The user running django does not have write access to '/var/log'. This
is a good thing. You could give the user running django write access to
'/var/log' or run django as another user, but I definitely wouldn't
recommend that.

> If I change the path to '/tmp/speedy_net_django.log' then it works.
>

That's because every user on the system has write access to '/tmp'.
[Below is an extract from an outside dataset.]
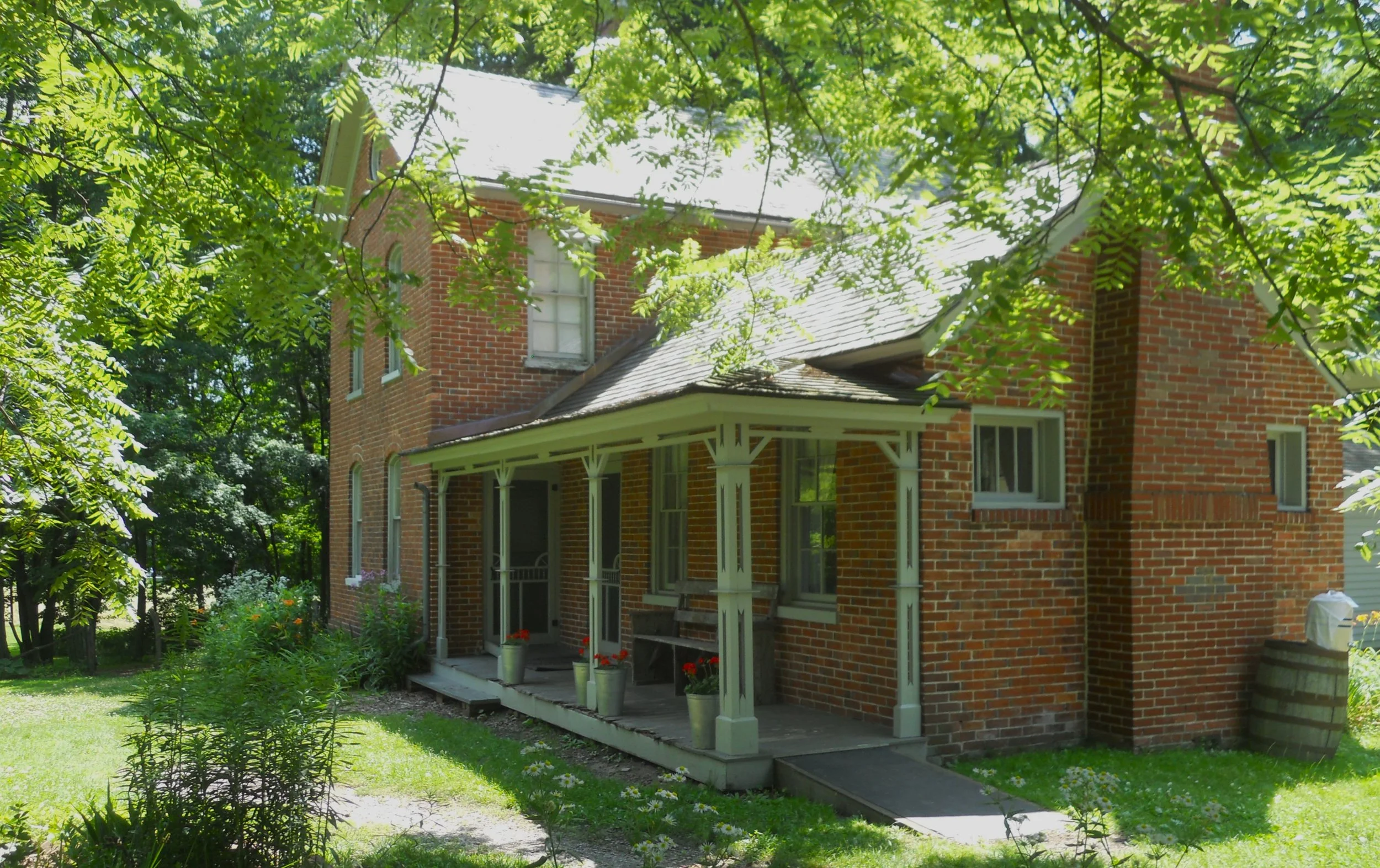 Indiana Dunes NP was packed beyond belief this day, with humans. A three-hour wait to get a parking spot at the beach, or one could walk 1.5 miles, one-way, from open lots. The VC has unique seating benches. A site which did not have many visitors was Chellberg Farm, a portion of the park I had not previously toured. The original wood home had burned down in 1884, replaced in 1885 by the current brick structure. This meant the family had to live in their barn for one year. The interior of the barn is all original wood, dating to 1870. The NPS still raises chickens and cattle at the farm. The house is furnished with period items.

> How do I configure the server to write messages
> to '/var/log/speedy_net_django.log'? We use Ubuntu and nginx.
>

You could create a directory under '/var/log', eg. '/var/log/speedy_net'
and give the user/group your running django as write access to that
directory and write your logs to '/var/log/speedy_net/django.log'.

> Our logging settings:
> https://github.com/speedy-net/speedy-net/blob/staging/speedy/core/settings/base.py
>
> By the way, are there friendlier ways to view logging messages than with
> text files?
>

Yes indeed. A much better solution would be to use the log system
already available on the system (eg. syslog or journald).

That way you don't have to deal with rotating log files (not sure if
djangos file logger handles that though) and permission problems.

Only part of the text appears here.